:: Collected data ::
---------------
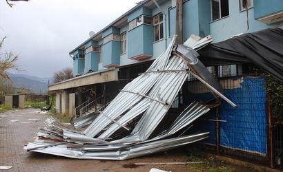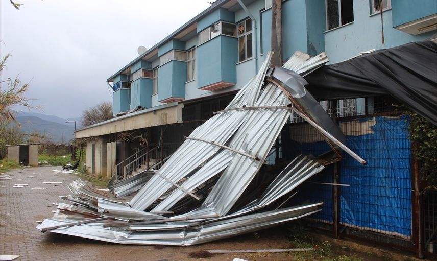 İzmir'in Ödemiş ilçesinde etkili olan sağanak ve fırtına Ayakkabıcılar Sitesi'ndeki bazı iş yerlerinin çatılarının uçmasına neden oldu.
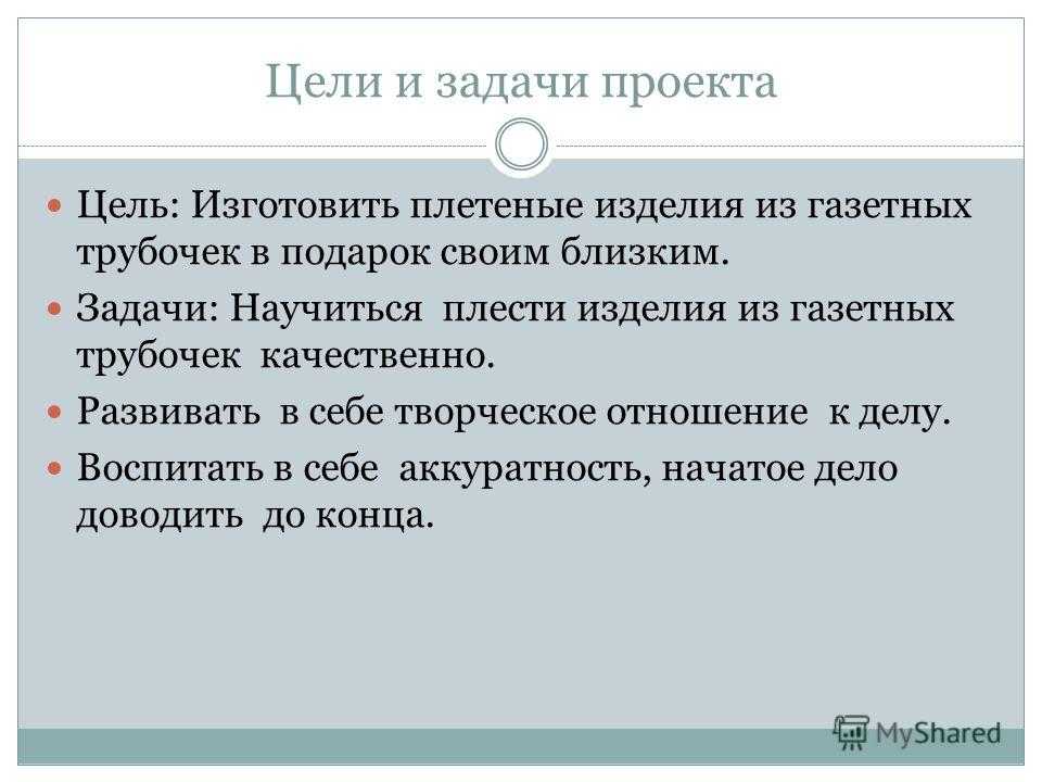 Цели и задачи проекта Цель: Изготовить плетеные изделия из газетных трубочек в подарок своим близким. Задачи: Научиться плести изделия из газетных трубочек качественно. Развивать в себе творческое отношение к делу. Воспитать в себе аккуратность, начатое дело доводить до конца.
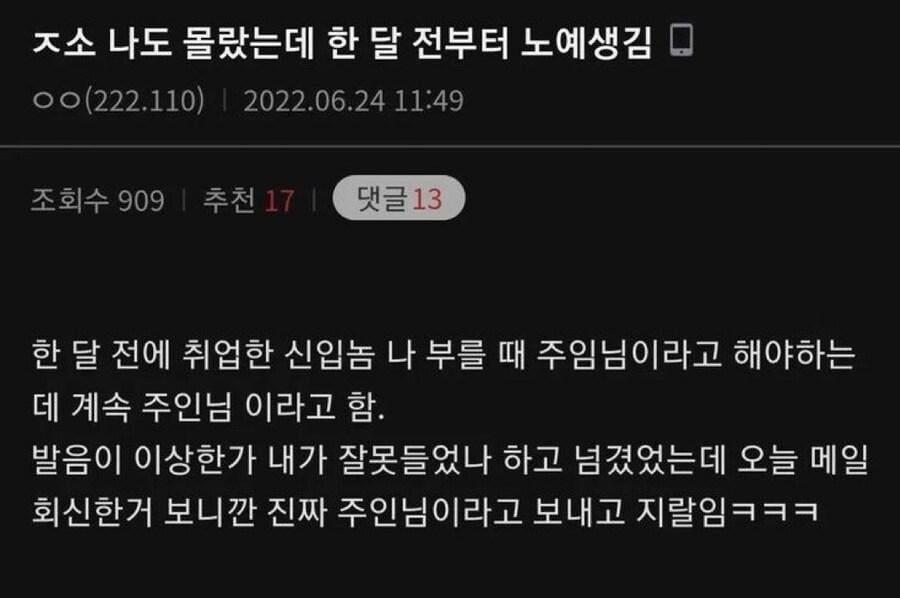나도 몰랐는데 한 달 전부터 노예 생김
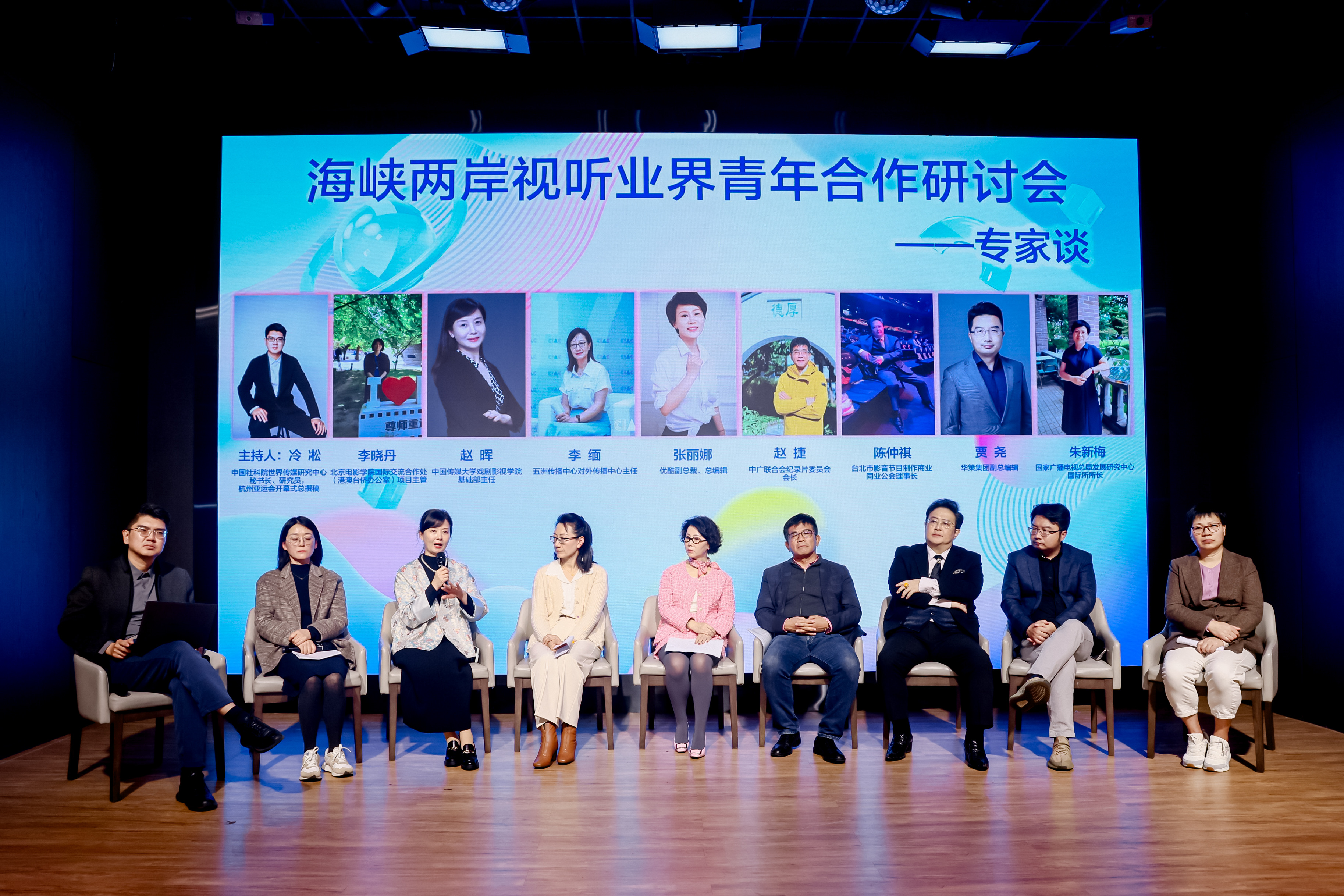 “專家談”圓桌會由中國社科院世界傳媒研究中心秘書長、研究員冷凇主持,海峽兩岸專家針對視聽業(yè)界青年合作現(xiàn)狀進行評說,對怎樣發(fā)展獻上良策。華策集團副總編輯賈堯在談到華策出品的《去有風(fēng)的地方》《向風(fēng)而行》古裝《長歌行》在臺灣傳播狀況時感到,兩岸青年心是相通的,對社會價值與人生的思考具有強烈共鳴。五洲傳播中心對外傳播中心主任李緬,分享了在大IP引領(lǐng)下進行融合傳播的有效做法。中廣聯(lián)合會紀錄片委員會會長趙捷認為,紀錄片的拍攝要解決共情共鳴問題,注意題材為兩岸受眾普遍關(guān)注與接受。優(yōu)酷副總裁、總編輯張麗娜認為,視聽平臺是影視劇綜、動漫、紀錄片聚合體,最重要的責(zé)任是把好內(nèi)容聚在一起,講求兩岸合作傳播的主動性與互動性,特別要在共制劇作上多做工作。中國傳媒大學(xué)戲劇影視學(xué)院基礎(chǔ)部主任趙暉教授,就深化兩岸視聽業(yè)界青年的交流合作,從視聽業(yè)頂層設(shè)計機制創(chuàng)新、人才孵化機制改革、合拍合作機制突破、整體運營機制展望等維度提出深刻見解。臺北市影音節(jié)目制作商業(yè)同業(yè)公會理事長陳仲祺、廣電總局發(fā)展研究中心國際所所長朱新梅、北京電影學(xué)院港澳臺辦公室項目主管李曉丹,也分別做了精彩分享。
---------------
Without including any picture, repeat the data exactly.

:: Response ::
 İzmir'in Ödemiş ilçesinde etkili olan sağanak ve fırtına Ayakkabıcılar Sitesi'ndeki bazı iş yerlerinin çatılarının uçmasına neden oldu.
 Цели и задачи проекта Цель: Изготовить плетеные изделия из газетных трубочек в подарок своим близким. Задачи: Научиться плести изделия из газетных трубочек качественно. Развивать в себе творческое отношение к делу. Воспитать в себе аккуратность, начатое дело доводить до конца.
나도 몰랐는데 한 달 전부터 노예 생김
 “專家談”圓桌會由中國社科院世界傳媒研究中心秘書長、研究員冷凇主持,海峽兩岸專家針對視聽業(yè)界青年合作現(xiàn)狀進行評說,對怎樣發(fā)展獻上良策。華策集團副總編輯賈堯在談到華策出品的《去有風(fēng)的地方》《向風(fēng)而行》古裝《長歌行》在臺灣傳播狀況時感到,兩岸青年心是相通的,對社會價值與人生的思考具有強烈共鳴。五洲傳播中心對外傳播中心主任李緬,分享了在大IP引領(lǐng)下進行融合傳播的有效做法。中廣聯(lián)合會紀錄片委員會會長趙捷認為,紀錄片的拍攝要解決共情共鳴問題,注意題材為兩岸受眾普遍關(guān)注與接受。優(yōu)酷副總裁、總編輯張麗娜認為,視聽平臺是影視劇綜、動漫、紀錄片聚合體,最重要的責(zé)任是把好內(nèi)容聚在一起,講求兩岸合作傳播的主動性與互動性,特別要在共制劇作上多做工作。中國傳媒大學(xué)戲劇影視學(xué)院基礎(chǔ)部主任趙暉教授,就深化兩岸視聽業(yè)界青年的交流合作,從視聽業(yè)頂層設(shè)計機制創(chuàng)新、人才孵化機制改革、合拍合作機制突破、整體運營機制展望等維度提出深刻見解。臺北市影音節(jié)目制作商業(yè)同業(yè)公會理事長陳仲祺、廣電總局發(fā)展研究中心國際所所長朱新梅、北京電影學(xué)院港澳臺辦公室項目主管李曉丹,也分別做了精彩分享。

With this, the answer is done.